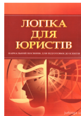
Логіка для юристів. Навчальний посібник для підготовки до іспитів

Перейти до галузі права Конституційне право
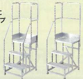
DB3-649 +フルセット手すり

作業内容に合わせて 様々なタイプの 手すりをラインナップ。 詳しくはお問い合わせください。
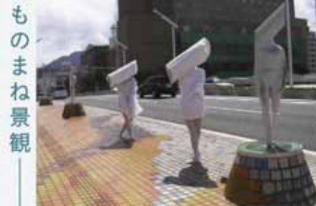
白坂 樹美/マカロニ星人 (小倉北区 太陽の橋)
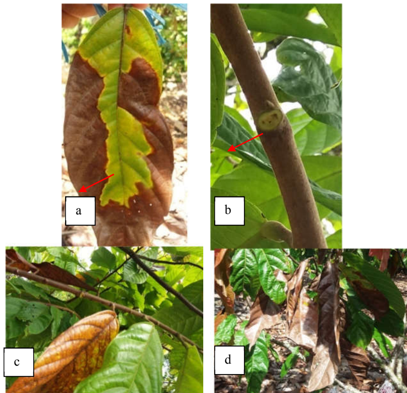
Gambar 3. Gejala penyakit VSD di perkebunan kakao: a. Permukaan daun berwarna kuning kecoklatan, b. Terdapat 3 noktah pada bekas duduk daun, c. Ranting ompong dan d. Ujung ranting kering.
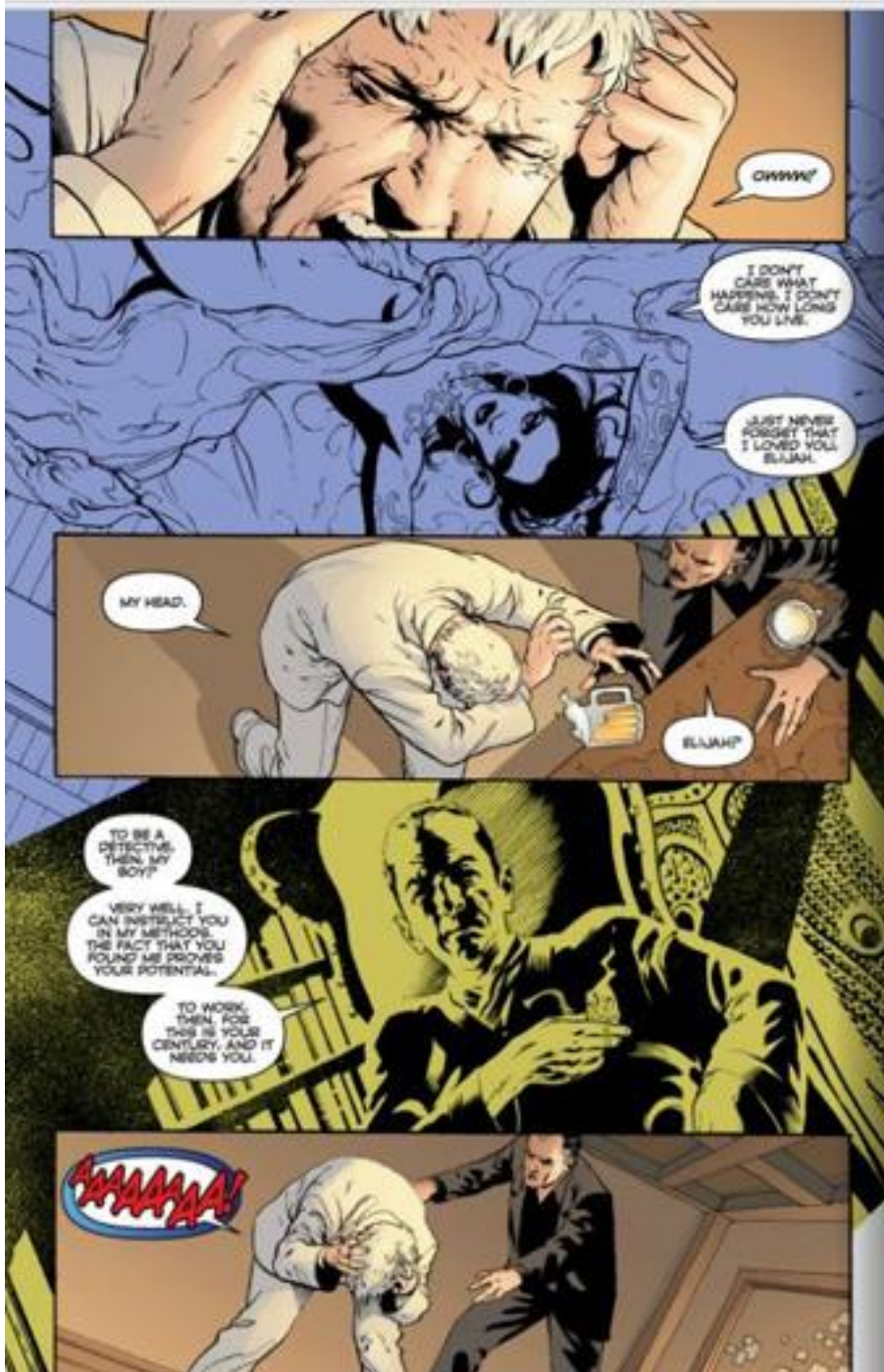
Illustration 4 (TM & © 2013 DC COMICS. ALL RIGHTS RESERVED)

vignettes extraites de leur situation d'origine. En tant que segments narratifs isolés de leur contexte, elles acquièrent une valeur proleptique, suggérant la reconstitution future des séquences auxquelles elles appartiennent.
★ ★ ★ ★
*Brief:* Please restate the material above line by line, exactly, beginning at its first line and ending with the line that contains "Illustration 4 (TM", without any pictures.

*Written reply:*
Логіка для юристів. Навчальний посібник для підготовки до іспитів

Перейти до галузі права Конституційне право
DB3-649 +フルセット手すり

作業内容に合わせて 様々なタイプの 手すりをラインナップ。 詳しくはお問い合わせください。
白坂 樹美/マカロニ星人 (小倉北区 太陽の橋)
Gambar 3. Gejala penyakit VSD di perkebunan kakao: a. Permukaan daun berwarna kuning kecoklatan, b. Terdapat 3 noktah pada bekas duduk daun, c. Ranting ompong dan d. Ujung ranting kering.
Illustration 4 (TM & © 2013 DC COMICS. ALL RIGHTS RESERVED)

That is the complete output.